WORK ORDER >> Exact copy, pictures excluded: the lines from the one containing "Hermosa chica y" to the end of the listing.

INPUT DATA >>
========================================
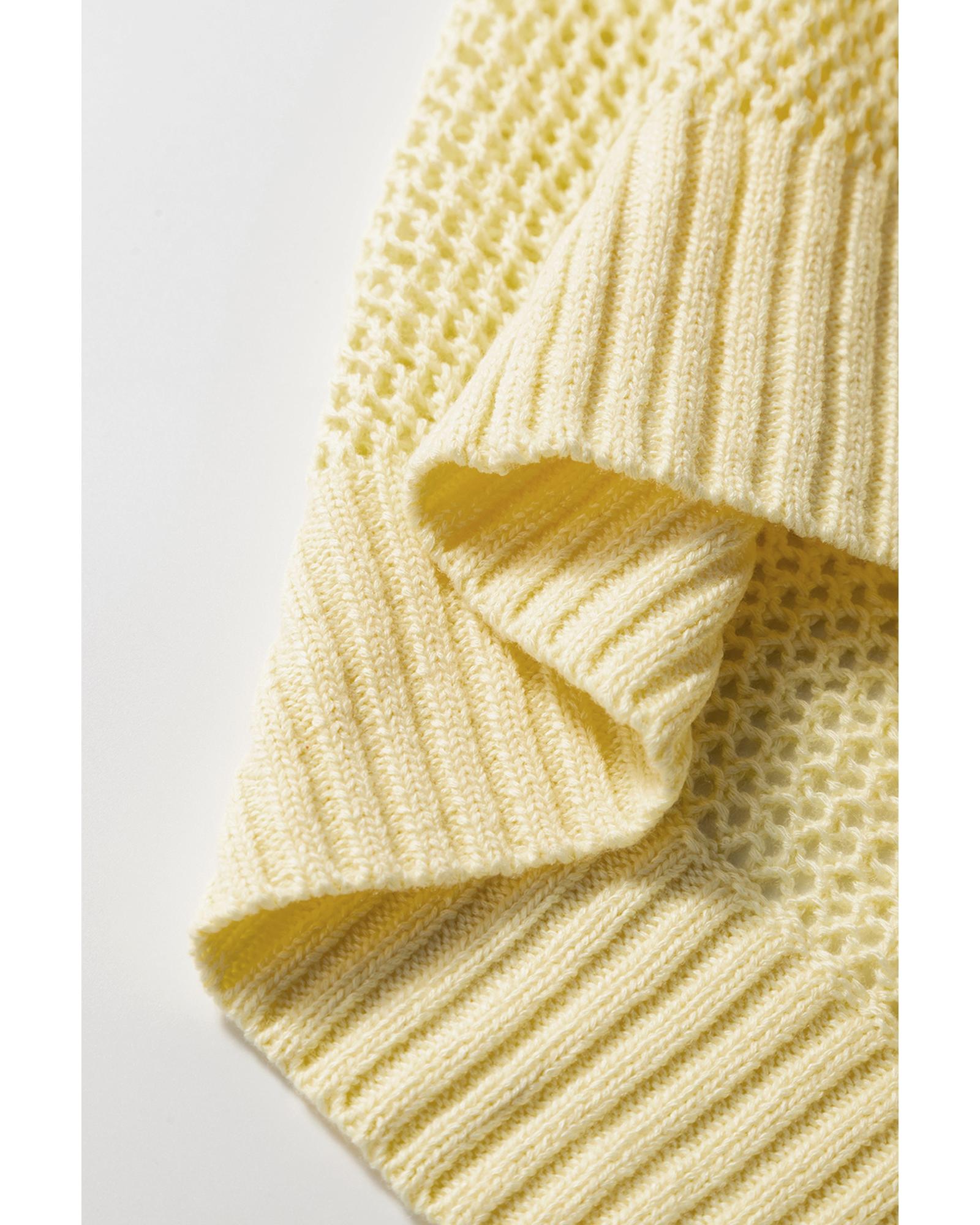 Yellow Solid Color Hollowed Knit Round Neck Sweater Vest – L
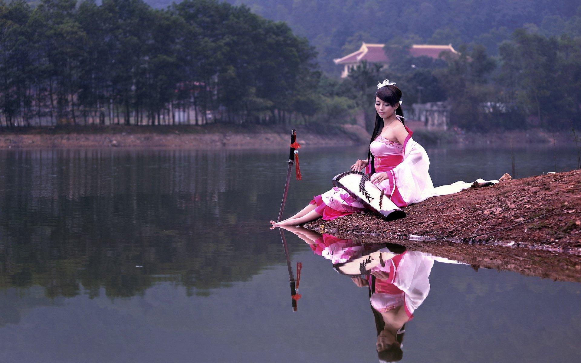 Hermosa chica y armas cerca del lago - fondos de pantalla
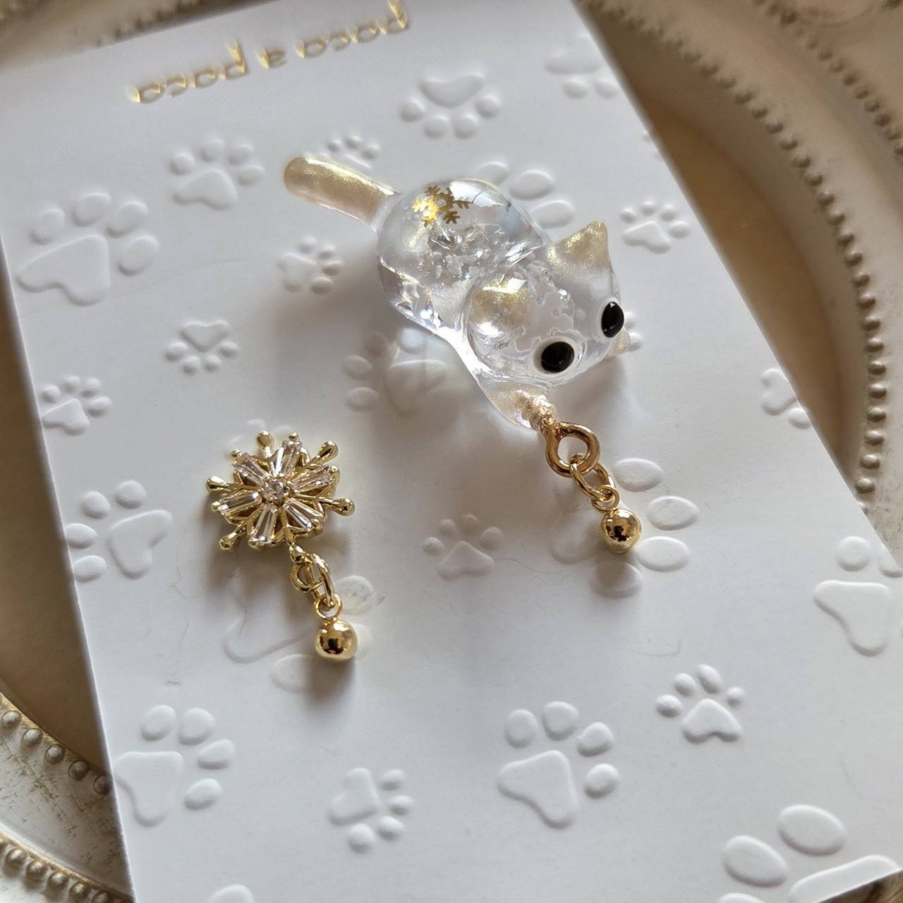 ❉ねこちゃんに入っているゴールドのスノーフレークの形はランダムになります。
========================================
REPLY >>
 Hermosa chica y armas cerca del lago - fondos de pantalla
 ❉ねこちゃんに入っているゴールドのスノーフレークの形はランダムになります。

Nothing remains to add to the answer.